# Reverse on Model #917289081 Craftsman Tractor



## lgehring (Dec 30, 2013)

Have a snow blade attached.
Just replaced the lawn tractor drive belt
Reverse is practically non existent. Any one have a suggestion?


----------



## wjjones (May 28, 2010)

lgehring said:


> Have a snow blade attached.
> Just replaced the lawn tractor drive belt
> Reverse is practically non existent. Any one have a suggestion?





Have you tried purging the tranny? Is it a hydro, or geared tranny? Also either way geared, or hydro the clutch/ brake pivot point needs to be greased too.


----------



## lgehring (Dec 30, 2013)

It is geared.
I'll try greasing.
Also to clarify, I Changed the belt because of this problem, hoping that would fix the problem.


----------



## wjjones (May 28, 2010)

It could be the clutch/ brake rod out of adjustment too.


----------



## wjjones (May 28, 2010)

I have bought a drive belt before that the aftermarket place I bought it from claimed it was a direct fit OE belt only to have it not be the correct size belt.
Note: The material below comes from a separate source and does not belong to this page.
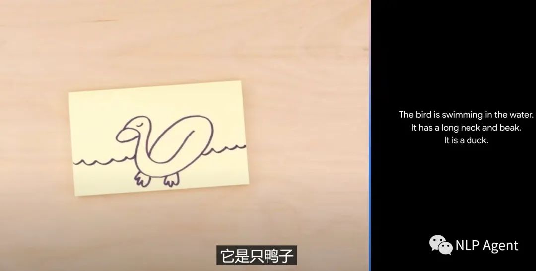 示例:用户在纸上全程手绘出一只鸭子,从线条、轮廓到最后成型的鸭子,Gemini都能实时的和用户进行对话,告诉用户这是曲线、动物轮廓、鸭子,和用户深度的语音交流反馈,不仅语音延迟低到可忽略不计,而且Gemini的声音和语音都像是你的一位老朋友在和你沟通那般亲切,文字语言没有一种冷漠的机械感。

Where did you buy your new belt? Another thing to check would be the clutch return spring.


http://www.searspartsdirect.com/par...1109457P/00003?blt=06&prst=0&shdMod=917289081


----------



## lgehring (Dec 30, 2013)

I bought the belt from Sears.
Have the grand kids yesterday and today. I will try to check the return spring as well as the rod later today when I try to lube the pivot point.
Snow coming tomorrow and would like to get it running better.
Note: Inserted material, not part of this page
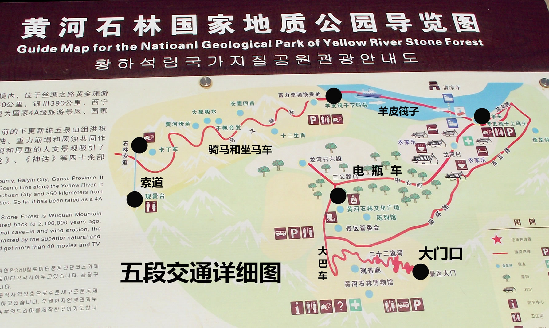 第一次看到黃河石林,便被它那氣象萬(wàn)千、雄渾壯觀的景象所震撼。黃河石林與國(guó)內(nèi)其它知名景區(qū)相比,以古、奇、雄、險(xiǎn)、野、幽見(jiàn)長(zhǎng),充分體現(xiàn)了粗獷、雄渾、樸拙、厚重的西部特色,使游客在回歸自然、領(lǐng)略奇異風(fēng)光的同時(shí),陶冶性情,修養(yǎng)身心。徜徉于黃河石林景區(qū),但見(jiàn)長(zhǎng)河抱日,峨峰接云,石林聳奇,危崖橫斷,河映崇山,曲流回旋,平疇十里,小村安臥,老屋舊椽,新灘故道,濃蔭鋪地,綠蔽河灣,繁棗滿枝,瓜果溢香,水車唱晚,浪遏皮筏,真乃世外桃源。若沒(méi)天橋古道拾級(jí)登上南山之巔,則峰林、曲流、綠洲、戈壁盡收眼底,讓人心曠神怡。而滄桑之變中不曾嬗變的原始力量,峽谷間透出的窮靈,陽(yáng)光里蕩溢的繁麗,又教人于感悟時(shí)慧眼頓開。至于觀音崖的兇險(xiǎn),老龍溝的深邃,盤龍洞的神奇,清涼寺的幽寂,還有環(huán)村十溝的撲朔迷離和峽谷內(nèi)景象萬(wàn)千、古韻猶存的石林峰柱的磅礴氣勢(shì),以及整個(gè)34平方公里景區(qū)內(nèi),山的夢(mèng)幻、河的靈秀,綠洲的靜謚,戈壁的逍遙,不僅令人在沉思遐想中忘卻煩憂,超脫塵俗,更能引人向上,催人奮進(jìn)。

The manual is next to useless for maintenance. Do you have any idea where to get a maintenance manual online for this model?
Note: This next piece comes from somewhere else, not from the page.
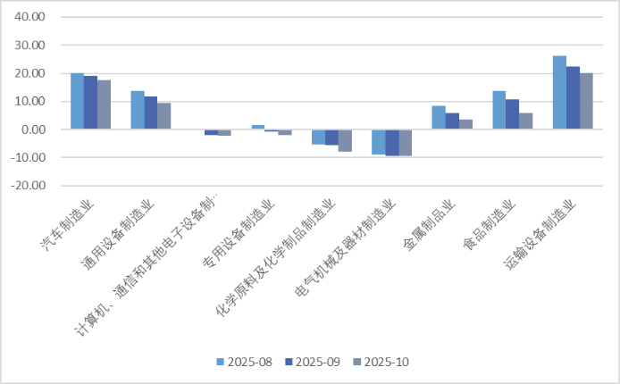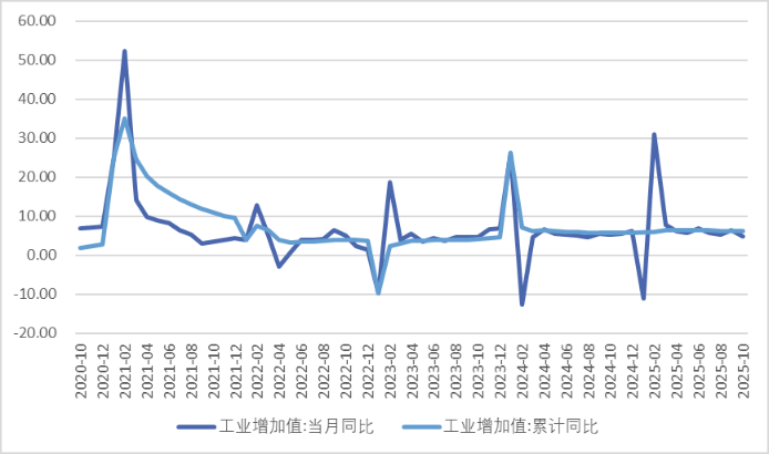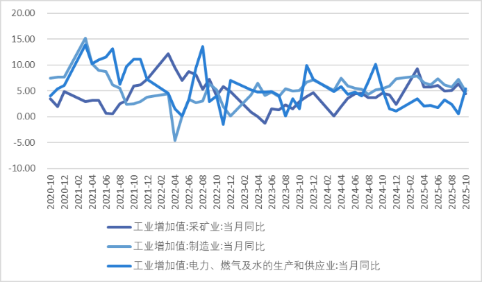 一、生产端超预期回落,外需拖累明显。10月份,全国规模以上工业增加值同比增长4.9%。分三大门类看,采矿业增加值同比增长4.5%,制造业增长4.9%,电力、热力、燃气及水生产和供应业增长5.4%。装备制造业增加值同比增长8%,高技术制造业增加值增长7.2%,增速分别快于全部规模以上工业3.1和2.3个百分点。装备制造业及高技术制造业持续对工业生产起到支撑。受贸易冲突再起的影响,10月份我国出口交货值同比下降2.1%,较9月份回落5.9个百分点,外需走弱拖累工业生产。分产品看,集成电路、新能源汽车、工业机器人等产品产量同比分别增长17.7%、19.3%、17.9%,维持高增速;新质生产力相关产业表现依旧强势。当地时间10月25日至10月26日,中美双方在吉隆坡举行会谈,双方就多项问题达成协议,其中包括美方取消10%芬太尼关税,并延长暂停24%对等关税时间1年;此外,美方暂停出口管制50%穿透性规则,中方也暂停稀土出口管制措施。至此,美国对华关税由此前的接近40%降至30%附近,后续外需拖累预计有所减弱。从四中全会对十五五规划建议看,十五五期间将实现科技自立自强水平大幅提高,后续政策着力点仍将集中在人工智能领域。

Thanks for all your suggestions! Hopefully one works.


----------



## lgehring (Dec 30, 2013)

Got it, the "motion lever" (the forward/reverse lever) was about 1/2 out of adjustment so was not completely going into reverse.


----------



## wjjones (May 28, 2010)

lgehring said:


> Got it, the "motion lever" (the forward/reverse lever) was about 1/2 out of adjustment so was not completely going into reverse.




Glad to hear you got it figured out.:thumbsup: I knew it had to be something simple.


----------